Needed from the data below: every line from the one with "Barang bukti yang" up to and including the one with "上麵的照片應該是中國警方內部", repeated exactly and with nothing else.

Records for the exercise:
• • • •

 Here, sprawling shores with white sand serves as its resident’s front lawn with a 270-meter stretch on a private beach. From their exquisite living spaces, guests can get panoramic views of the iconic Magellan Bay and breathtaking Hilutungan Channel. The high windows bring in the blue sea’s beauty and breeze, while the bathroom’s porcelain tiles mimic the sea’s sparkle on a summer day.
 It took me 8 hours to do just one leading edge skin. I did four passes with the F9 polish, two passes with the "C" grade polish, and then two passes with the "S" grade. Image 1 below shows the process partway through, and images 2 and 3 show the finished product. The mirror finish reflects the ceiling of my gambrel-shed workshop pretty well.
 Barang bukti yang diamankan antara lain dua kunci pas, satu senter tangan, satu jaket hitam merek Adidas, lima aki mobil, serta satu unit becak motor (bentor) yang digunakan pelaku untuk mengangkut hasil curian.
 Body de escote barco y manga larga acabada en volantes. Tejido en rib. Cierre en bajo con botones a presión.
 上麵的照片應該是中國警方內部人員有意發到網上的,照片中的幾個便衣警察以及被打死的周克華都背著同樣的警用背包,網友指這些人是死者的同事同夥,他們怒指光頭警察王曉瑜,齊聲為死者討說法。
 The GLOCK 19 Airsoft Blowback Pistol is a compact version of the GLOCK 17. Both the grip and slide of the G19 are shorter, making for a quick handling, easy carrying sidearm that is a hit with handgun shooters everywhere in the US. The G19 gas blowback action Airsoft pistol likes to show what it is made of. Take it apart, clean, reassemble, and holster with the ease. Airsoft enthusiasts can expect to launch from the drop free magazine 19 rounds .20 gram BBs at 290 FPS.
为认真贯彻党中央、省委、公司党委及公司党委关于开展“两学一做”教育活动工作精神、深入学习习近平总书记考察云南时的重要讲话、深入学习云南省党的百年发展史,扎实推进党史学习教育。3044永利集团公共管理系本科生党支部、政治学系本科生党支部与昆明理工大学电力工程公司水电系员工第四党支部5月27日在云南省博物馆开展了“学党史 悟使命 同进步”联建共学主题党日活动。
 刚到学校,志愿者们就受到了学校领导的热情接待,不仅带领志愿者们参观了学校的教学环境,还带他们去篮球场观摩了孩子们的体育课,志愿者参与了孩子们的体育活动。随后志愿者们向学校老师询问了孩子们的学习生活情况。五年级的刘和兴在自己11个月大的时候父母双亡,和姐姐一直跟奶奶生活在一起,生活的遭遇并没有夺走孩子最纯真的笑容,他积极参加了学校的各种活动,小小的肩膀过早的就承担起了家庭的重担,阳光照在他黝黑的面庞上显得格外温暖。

• • • •

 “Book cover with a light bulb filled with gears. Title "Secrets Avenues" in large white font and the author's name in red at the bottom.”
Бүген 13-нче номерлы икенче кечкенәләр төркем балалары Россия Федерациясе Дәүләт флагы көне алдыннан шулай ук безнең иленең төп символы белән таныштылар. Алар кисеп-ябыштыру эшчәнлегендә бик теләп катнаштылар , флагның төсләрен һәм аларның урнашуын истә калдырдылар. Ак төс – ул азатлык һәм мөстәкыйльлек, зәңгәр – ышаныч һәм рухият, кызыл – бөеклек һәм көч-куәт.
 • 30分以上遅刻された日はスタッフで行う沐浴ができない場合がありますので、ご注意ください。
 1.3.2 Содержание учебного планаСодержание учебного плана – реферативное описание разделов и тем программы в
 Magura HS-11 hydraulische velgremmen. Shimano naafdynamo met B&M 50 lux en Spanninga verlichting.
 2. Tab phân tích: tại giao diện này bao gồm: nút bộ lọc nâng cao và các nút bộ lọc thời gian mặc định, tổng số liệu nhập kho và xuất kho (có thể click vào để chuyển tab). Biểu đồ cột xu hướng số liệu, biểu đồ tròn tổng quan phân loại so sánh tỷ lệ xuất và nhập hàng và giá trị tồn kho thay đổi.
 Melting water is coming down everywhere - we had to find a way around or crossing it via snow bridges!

• • • •

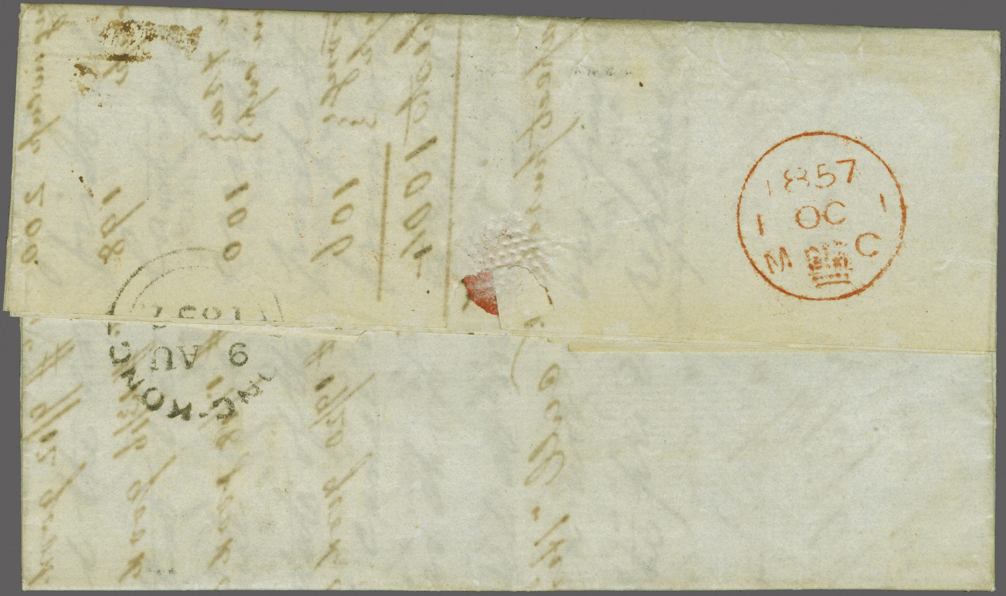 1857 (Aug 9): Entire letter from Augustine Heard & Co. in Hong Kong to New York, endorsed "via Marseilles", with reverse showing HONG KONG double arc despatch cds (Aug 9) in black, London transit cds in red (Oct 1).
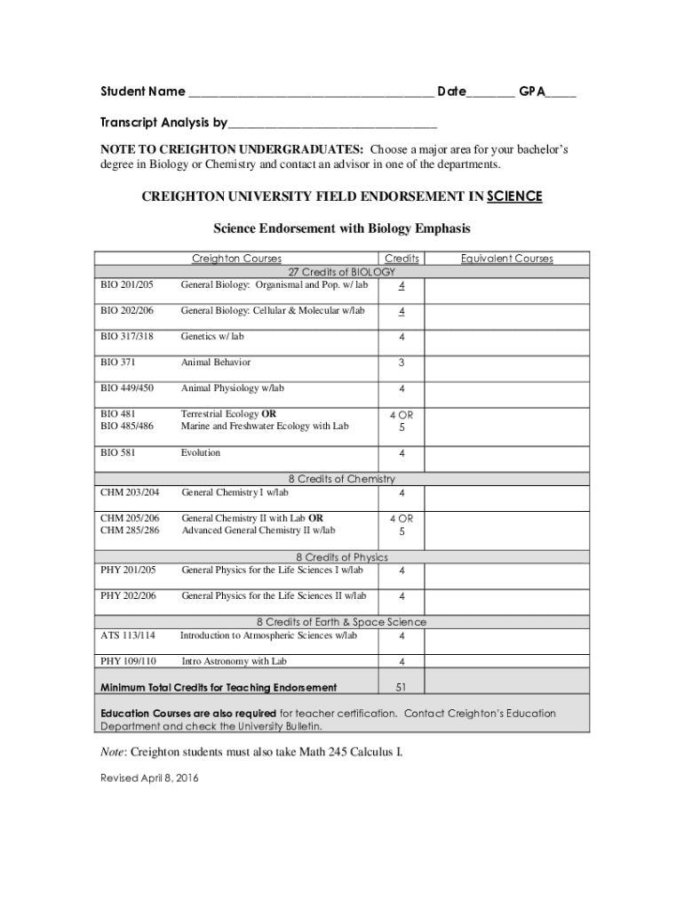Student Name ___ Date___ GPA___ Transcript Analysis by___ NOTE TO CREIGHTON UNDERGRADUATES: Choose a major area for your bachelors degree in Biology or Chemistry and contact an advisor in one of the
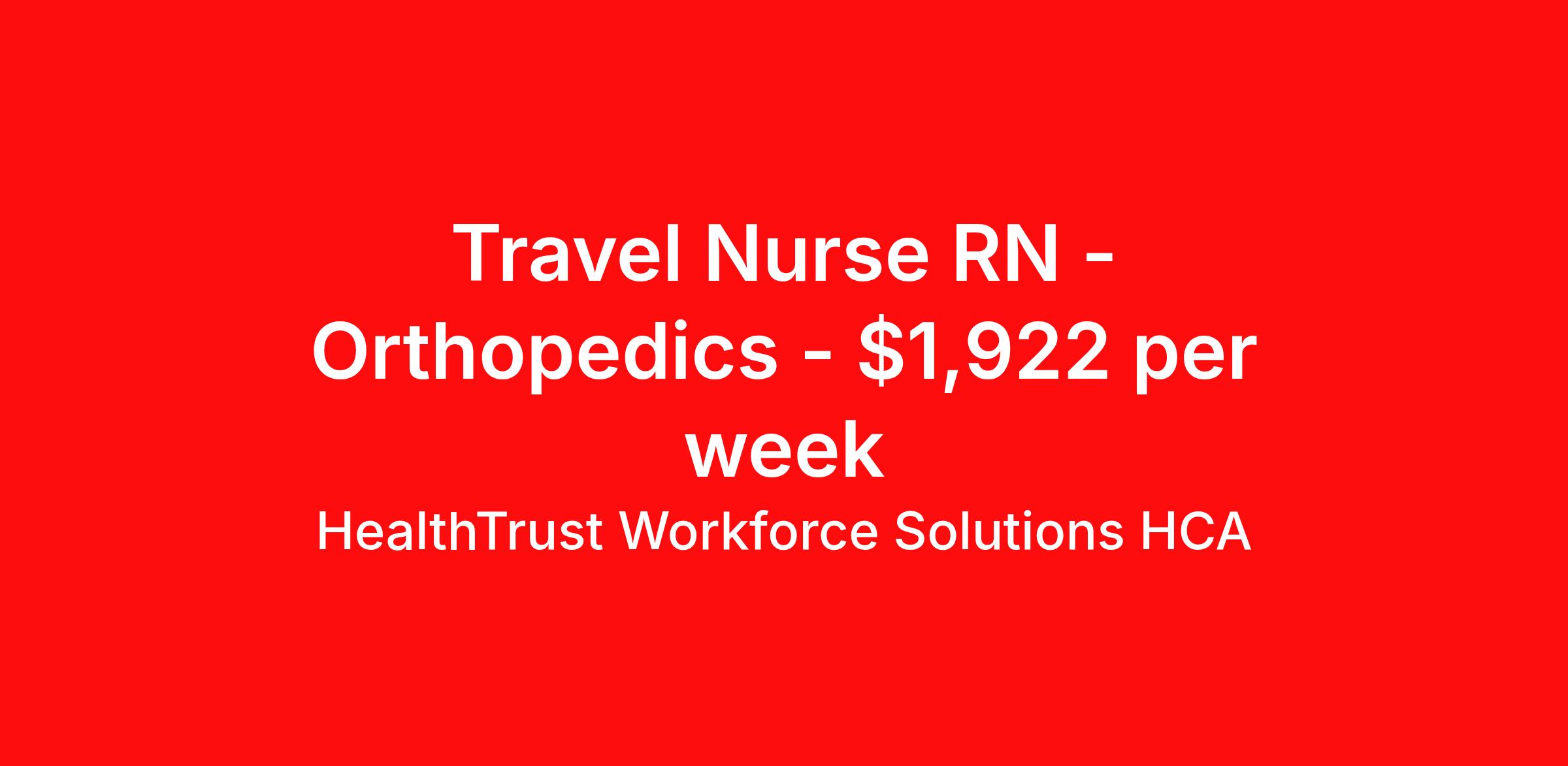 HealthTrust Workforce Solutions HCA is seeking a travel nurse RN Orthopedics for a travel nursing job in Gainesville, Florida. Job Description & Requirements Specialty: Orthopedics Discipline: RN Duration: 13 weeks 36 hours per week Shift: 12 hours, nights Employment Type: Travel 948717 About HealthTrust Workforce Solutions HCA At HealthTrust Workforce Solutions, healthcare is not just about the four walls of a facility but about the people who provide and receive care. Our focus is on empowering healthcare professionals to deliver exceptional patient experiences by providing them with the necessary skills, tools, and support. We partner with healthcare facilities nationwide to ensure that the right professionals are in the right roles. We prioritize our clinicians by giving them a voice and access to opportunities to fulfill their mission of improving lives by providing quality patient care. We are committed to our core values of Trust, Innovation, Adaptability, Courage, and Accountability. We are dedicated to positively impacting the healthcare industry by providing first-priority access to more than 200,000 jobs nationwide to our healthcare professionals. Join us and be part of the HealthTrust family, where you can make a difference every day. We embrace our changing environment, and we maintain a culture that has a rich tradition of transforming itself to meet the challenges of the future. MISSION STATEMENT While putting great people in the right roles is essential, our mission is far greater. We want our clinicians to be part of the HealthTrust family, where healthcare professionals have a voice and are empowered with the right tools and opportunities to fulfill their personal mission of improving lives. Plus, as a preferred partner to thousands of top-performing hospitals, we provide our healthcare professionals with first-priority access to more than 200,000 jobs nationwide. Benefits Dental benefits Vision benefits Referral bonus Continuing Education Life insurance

• • • •

Result of the exercise:
 Barang bukti yang diamankan antara lain dua kunci pas, satu senter tangan, satu jaket hitam merek Adidas, lima aki mobil, serta satu unit becak motor (bentor) yang digunakan pelaku untuk mengangkut hasil curian.
 Body de escote barco y manga larga acabada en volantes. Tejido en rib. Cierre en bajo con botones a presión.
 上麵的照片應該是中國警方內部人員有意發到網上的,照片中的幾個便衣警察以及被打死的周克華都背著同樣的警用背包,網友指這些人是死者的同事同夥,他們怒指光頭警察王曉瑜,齊聲為死者討說法。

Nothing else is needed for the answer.